Imagínate que la vida fuera el escenario de un concurso donde tuvieras que demostrar al jurado y al público que tienes suficiente talento como para seguir adelante, que tú realmente sí que vales. Un foco se ilumina sobre ti, solo en medio del escenario; un teatro entero, que ya ha hecho un juicio sobre tu aspecto, contemplándote, en silencio, esperando tu actuación; y la mirada de un jurado que puede interrumpir en seco tu representación si esta no le gusta... Si aun así consigues llegar hasta el final, todavía te queda aguantar los comentarios críticos del jurado, que no ha perdido ojo sobre ti... ¿pasarás adelante o no?
No son pocos los que viven la vida de esta manera: bajo los focos de una sociedad que exige la mejor versión de ellos mismos para ser tenidos en cuenta, bajo la atenta mirada de un Dios que les exigirá responsabilidades por todos los talentos y expectativas que se pusieron en ellos al venir a este mundo. Si la vida fuera como este talent show y Dios fuera su jurado, cuesta poco imaginarle con el gesto de Risto Mejide: impasible, escondido detrás de unas gafas oscuras que tapan una mirada dura, dispuesto siempre a caer encima de quien no llega a la altura, sin dejar pasar a nadie que no lo merezca... ¿Y quién podría presentarse delante de la mirada de un Dios así?

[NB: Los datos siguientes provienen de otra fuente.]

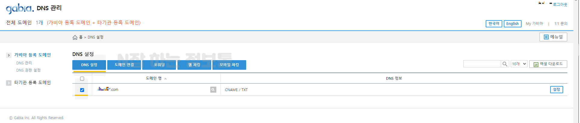 4) 해당 도메인 체크하고 'DNS 설정' 클릭

Por fortuna, como dice el poeta Casaldáliga, al final del camino nos preguntarán si hemos vivido, si hemos amado. Y nosotros, sin decir nada, descubriremos nuestro corazón, ojalá que lleno de nombres. Así, si la vida es un concurso ganarían aquellos que más sirven y quienes más se entregan, aquellos que más aman a los que nadie más ama, aquellos que se ponen al servicio de los más pequeños y viven la vida desde esa intensidad, la de saber responder desde el agradecimiento. No hacen falta heroismos ni intentar convencer a nadie. Vayamos por la vida sin temor porque nuestro Juez nos ha amado primero y nos mira con los ojos de quien todo lo acoge en su amor.